Time for a Coffee Break?
First off, this is not a post suggesting to give up coffee altogether. No way! I love coffee and the pleasure it brings. The first time I had a legitimate cup of coffee at the ripe age of 25, the superpowers that came with that cup of joe were unlocked. More energy, a better mood, and feeling fully awake. Coffee provided a new sense of enthusiasm for the day. All in just one eight ounce cup of coffee.
Today, the superpowers from drinking coffee are noticeable, just not quite to the extent of that first ever cup. Sometimes (Everyday), I find myself going back for more, hoping there might be a superpower to unleash hidden in that 4th cup of coffee. I don’t necessarily feel guilty for drinking hefty amounts. The health benefits from consuming coffee, even up to 4 cups a day, can’t be ignored. Increased mental acuity, increased metabolic rate (burning of fat), and over a 10% reduction of death from disease shown for coffee drinkers, mentioned in the book a Genius Life, written by Max Lugavere. Shawn Stevenson, in his book, Eat Smarter mentioned how the caffeine in coffee suppresses genes related to inflammation. People who are coffee drinkers tend to live longer, more healthy lives.

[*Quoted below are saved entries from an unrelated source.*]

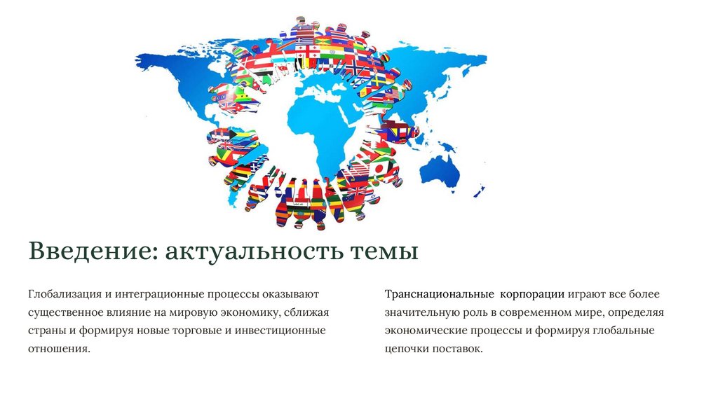 Введение: актуальность темыГлобализация и интеграционные процессы оказывают
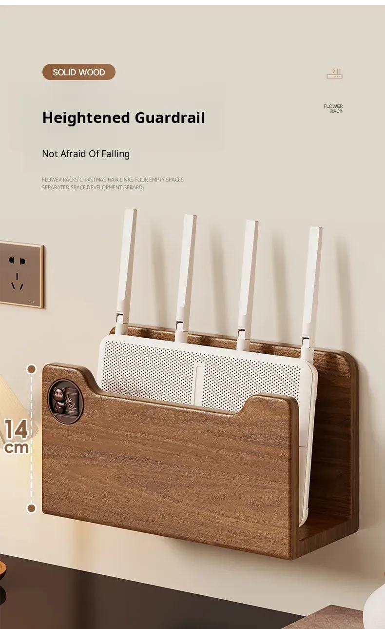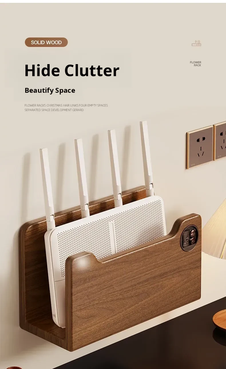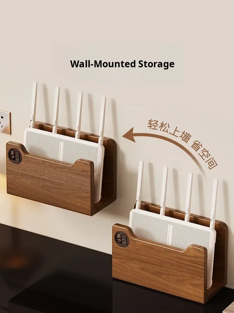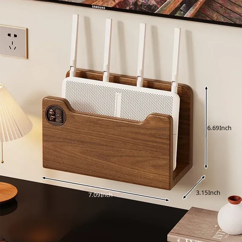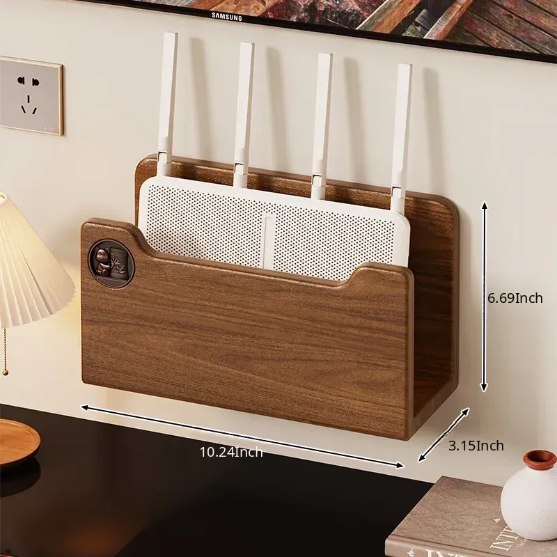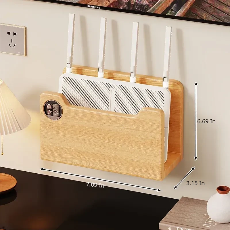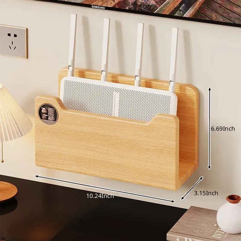 Solid Wood Router Shelf with Holes - Stylish WiFi Storage Rack for Home, Wall-Mounted Cable Management, and Set-Top Box Stand, Perfect for Organizing Your Space!
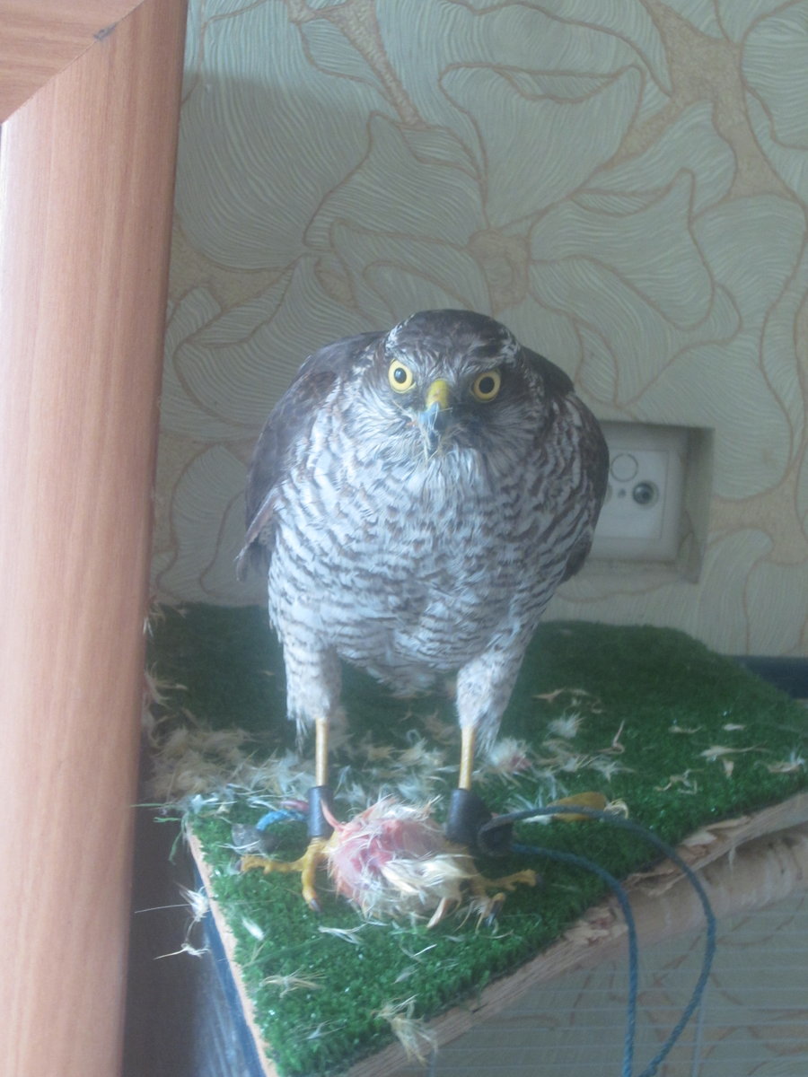 Здравствуйте! Я новичок тут. Появилась у меня недавно перепелятница. Забрал годовалую у прошлых хозяев. Но с хищами у меня опыта мало, в основном серыми воронами занимался (на даче живет ворона Герман, ему 4 года, но речь не о нем, это так, к слову). Яся ест пока что суточных цыплят из морозилки (в ближайших планах покупка перепелок), нужно ли ей давать витамины? И по поводу линьки - брызгаю из брызгалки несколько раз в день, общаюсь, практически все время сидит на руках - видел информацию, что ястребы без общения во время линьки быстро дичают. У нас драный хвост - не знаю, как птичку содержали до меня. Как лучше перелинять и какой режим кормления должен быть во время линьки? Есть возможность гулять на балконе, на улицу пока не рискую выносить, тк наверное стресс. Чувствует себя хорошо. Летает со шкафа на присаду, с рук на присаду и с присады на шкаф, несмотря на драный хвост. Не кусается вообще никак. "Дом" у Яськи такой - мини-вольер от вороны (без крыши) ниже меня на голову, ибо не знаю, как еще сравнить, на самом его верху что-то типа присады и в углу дощечка для еды, покрытая астротурфом. Весь помет летит вниз в вольер, на полу наполнитель, который периодически подвергается замене. При мне есть не начинает, с рук тоже не берет, но стоит выйти из комнаты - прилетает на дощечку и начинает потрошить еду. Если захожу - нормально кушает, на меня внимания практически не обращает. Как научить есть с рук? И не купается при мне. Да и как лучше обустроить ей жилое место? Вольерчик убрать возможности нет, скоро приедет веревочка пенька, которой обмотаю эти насесты. Лучше пеньку или какой-то другой материал? p.s. розетка и прочее на стене - нерабочее, риска повреждения птицы электротоком нет. p.p.s. где-то на форуме была еще перепелятница - наша тезка. Прошу помощи у опытных форумчан, потому что хочется сделать жизнь птицы максимально комфортной.
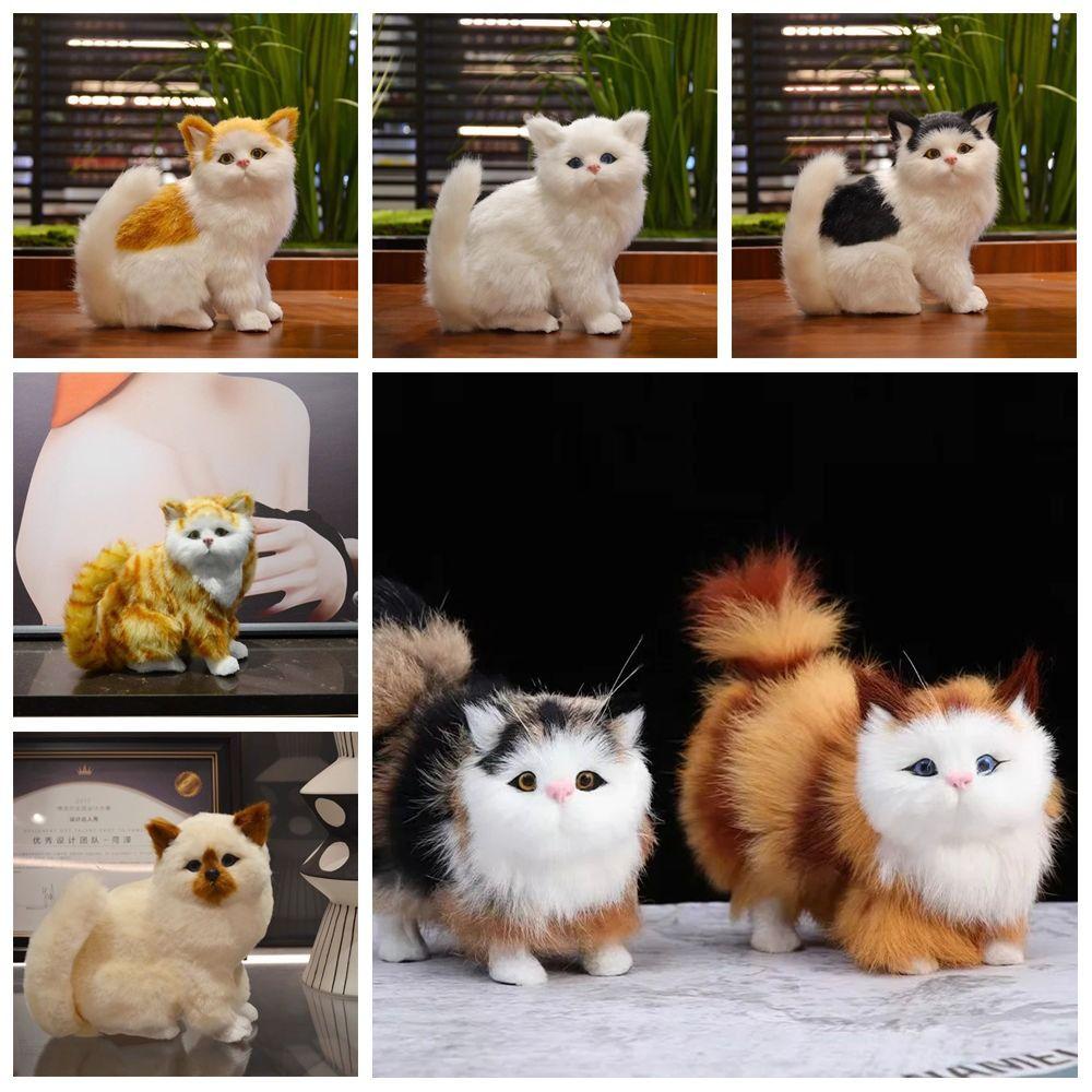 Сидячая поза Реалистичная кошка Чучело 3D глаза Реалистичная кошка Плюшевая игрушка Домашний декор
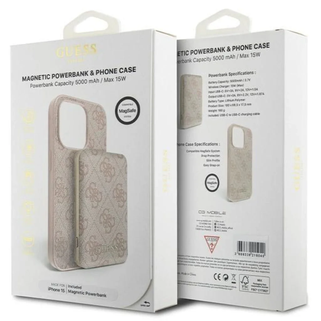 Ez a Guess által összeállított iPhone kiegészítő szett egy stílusos telefontokot és stylistaként illeszkedő power banket tartalmaz. Lenyűgöző megjelenésével hangsúlyozd modern és divatos stílusodat. Ez az elegáns kollekció elengedhetetlen kiegészítője azoknak, akik értékelik az eleganciát és az egyedi stílust, és szeretnék a Guess márka kifinomult esztétikájával gazdagítani okostelefonjukat.
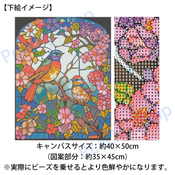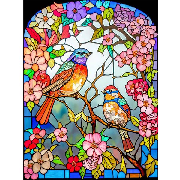 準上級 フル ダイヤモンドアート キット ビーズ刺繍 ステンドグラス 小鳥と花 カラフル モザイクアート パズルアート リハビリ 趣味 絵画

But, there’s always a but, you can have too much of a good thing. Starting with the obvious, caffeine can negatively affect sleep. Caffeine has a long shelf life, anywhere from 8-10 hours in the body for slow metabolizers, so that late afternoon cup will make it more difficult for some to get into a slumber. For those that can have a cup of coffee in the evening and still fall asleep without problem (that’s a super power in itself), the quality of your sleep will most likely take a hit according to sleep doctor, Michael Breus. Brues stated in The mindbodygreen podcast that caffeine too close to bedtime will reduce the amount of time spent in deep sleep, the phase that is crucial for physical and mental rejuvenation. Sleep is everything, so it may be wise to reevaluate your coffee intake and determine a cut off point for when you have that last cup.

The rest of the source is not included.